Sherett had been quick, sensible, controlled. Only her eyes had given her away, and those briefly, before she fixed them on her husband and called him sharply to himself.
'Hasan. What has happened here - a thief?'
'She has not run away. Not this time. Two men are dead, the Dancer's work...'
'I saw. If
you don't calm those headhot fools below, they'll forget the Dancer and blame the Saren or the Kauram, anyone they can see. Then there'll be war here in Rhabat, and that will consume us all. You go down, go now. Organise the men, search the valley, look for camel-tracks beyond. Pointless, I think, but do it, put them to work. Send messages abroad, if any mount of ours survived the flood: your wife is stolen from you, no Dancer should be trusted. Anything, but keep them from fighting the tribes...'
He'd looked as though he wanted to fight the tribes himself, all of them at once and by himself; but even this outrage, even the loss of Julianne hadn't been able to take his eye for long from his greater goal.

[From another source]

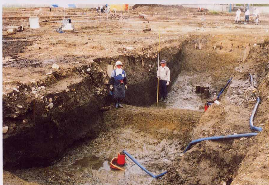
堀底、畝の検出状況

A tribal war would destroy any hope of the war he sought, perhaps for another generation or longer, his chance lost. He'd nodded, turned, stridden away.
Sherett had fingered the scattered jewellery, stooped to retrieve a piece or two, said, 'These must be counted and checked, to see if Morakh has stolen aught else but our sister. Not now, though. Let the men search below; they will make a lot of noise, and find nothing. You and I, Elisande, we will search above ...'
Elisande had been thinking that there was nothing but solid rock overhead, that Hasans chamber stood at the height of the house. She'd been mistaken, forgetful: there were corridors that climbed higher yet, leading to store-rooms that were little used, ultimately to a great cistern where rainwater from the occasional storms could be collected against a future need. A complex web of channels had been cut through the rock, to draw it down from the plateau above; she knew that, she should have remembered. Only yesterday she'd fetched water herself from the cistern in the women's quarters. Why was she, why was everybody being so slow?
All of those drains were wide and high enough to accommodate a man, if barely. They must be, necessarily, or how else were they cut? Elisande had squirmed through a few in her time, following giggling friends. And Morakh was a small man, no spare flesh on his body. He could likely contrive to make his way through to the air. How he would do so cumbered with an unconscious girl, Elisande couldn't guess, but there was certainly no other escape up here, no other point in the climb.